No era mala idea despedir este extraño verano con una salida por la zona central de mi región. Una salida clásica circulas que comenzamos en Nava con 4º y que acabamos en una sidrería muy recomendable, tomándonos un refresco, delante de unos afortunados clientes que se estaban comiendo un cachopo kilométrico y con un aspecto tan saludable como el paseo que nos acabábamos de meter.

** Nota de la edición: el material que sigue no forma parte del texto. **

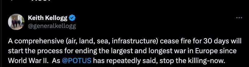 15:48 30-дневное прекращение огня станет началом завершения войны в Украине, заявил спецпредставитель президента США Кит Келлог.

No esta mal el numero 3 para hacer un agradable equipo. Mis compañeros me brindaron una jornada sin sobresaltos con 1600 mts de ascensión y un delicado sol que nos fue acariciando la cara durante toda la jornada. Todavía pudimos disfrutar de pistas secas y rápidas. Apenas un par de tramos en ascenso con tierra húmeda que nos hicieron imaginar lo que está por llegar. Sin prisas pero con agilidad dimos cuenta de 40 km que en ocasiones nos pusieron las cosas difíciles hasta llegar a Las Praderas. Sigue siendo un lujo llevar compañeros que hacen maravillas con sus monturas .

Con dolor de huesos y un sol tremendo recorríamos la autovía del Cantábrico en dirección a nuestro hogar. Sabíamos que era el ultimo día de verano del otoño. Me resistía a acabar un día tan bonito de aquella manera. Una llamada a otra bici amiga hizo que la comida, al sol de poniente, fuese un remate de lujo. Mi querida Blue también tenia derecho a despedir el verano con el sol en la mejilla , una alegre conversación y la ilusión de quien comienza a despegar en este otoño tan particular.